Comorbidity and Death From Other Causes
Although most authors describe treatment-related toxicity and mortality as major obstacles in this age group, patient-related factors such as comorbidity and death from unrelated causes further contribute to the poorer outcome of elderly patients.
In a population-based series comprising more patients with serious comorbidity than allowed in clinical trials, van Spronsen et al studied the age-specific prevalence of comorbidity and its relationship to treatment and outcome in 194 HL and 904 NHL patients diagnosed between 1993 and 1996. The most common comorbid conditions were cardiovascular disease (18%), hypertension (13%), chronic obstructive pulmonary disease (13%), and diabetes mellitus (10%) for elderly HL patients. Serious comorbidity was found in more than half of all lymphoma patients who were 60 years and older. Elderly patients with serious comorbidity received chemotherapy less often, which is likely to adversely affect survival, as was especially indicated by a decreased survival within the first 4 months after diagnosis.

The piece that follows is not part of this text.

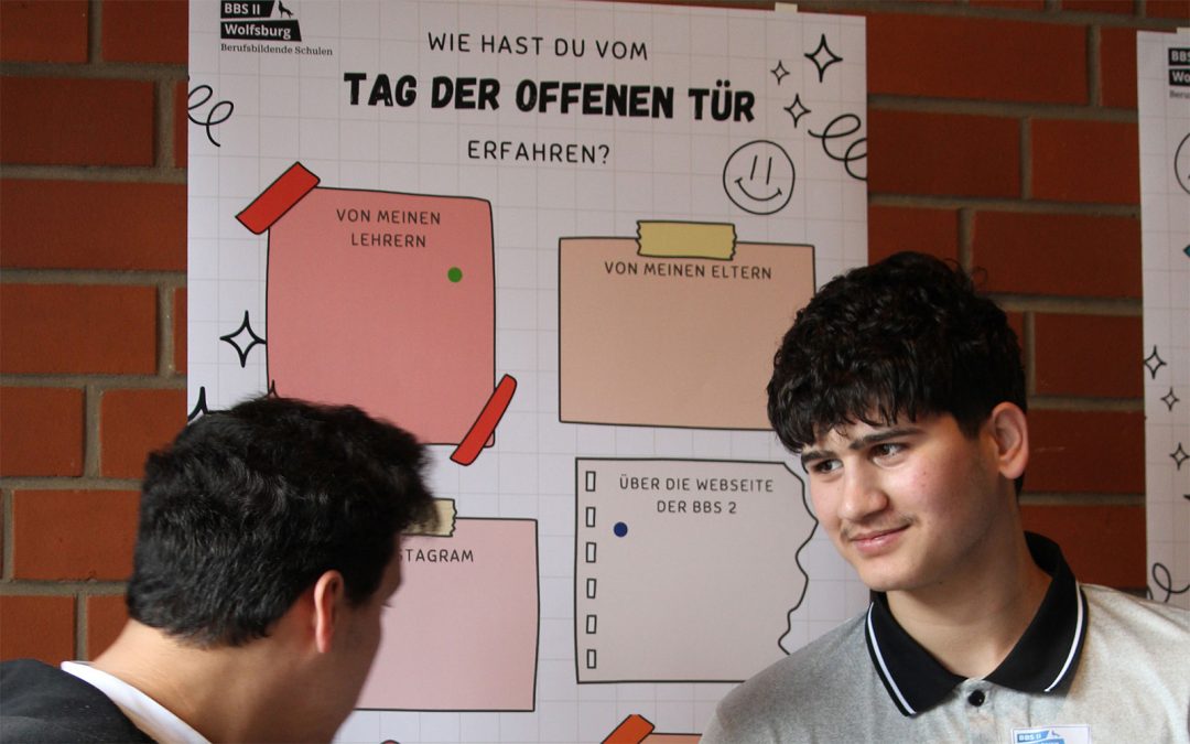 Am Mittwoch, den 04.März 2026, fand von 10 bis 16 Uhr an der BBS II Wolfsburg der Tag der offenen Tür unter dem Motto „Zukunftstag“ statt. Dieser präsentierte an Info-Ständen die Bildungsangebote sowie die Ergebnisse von Schülerprojekten und lud in Mitmach-Aktionen zum Ausprobieren bestimmter beruflicher Tätigkeiten ein. Ein Highlight war die Ausbildungsplatzbörse, welche in einem „Speeddating“ die Kontaktaufnahme mit Betrieben der Region ermöglichte.

Guinee et al compared the clinical course of 136 previously untreated HL patients aged 60 to 79 years with that of 223 patients aged 40 to 59 years, treated between 1977 and 1983. When the prognosis of all patients was examined, a definite change in the pattern of survival appeared in the 60- to 69-year-old cohort. The entire group of elderly patients (60 to 79) had twice the risk of dying from HL and four times the risk of dying from other causes, compared with the younger group. The authors concluded that HL should have the same natural history and similar risk factor pattern in the elderly and should be amenable to existing therapeutic approaches. Thus, the prognosis of older patients with HL has been obscured in previous studies by the inclusion of deaths due to other causes in survival estimates.
Another adverse factor might be an inadequate staging and treatment in elderly patients. In a study of 52 patients 60 to 75 years old who were treated for HL at Stanford between 1968 and 1980, the 5-year survival rate in the adequately staged and treated group was 86%, compared with only 35% in the inadequately staged group. Another study found that patients over the age of 50 years were more likely to receive suboptimal doses of chemotherapy, which was associated with more treatment failure and relapse.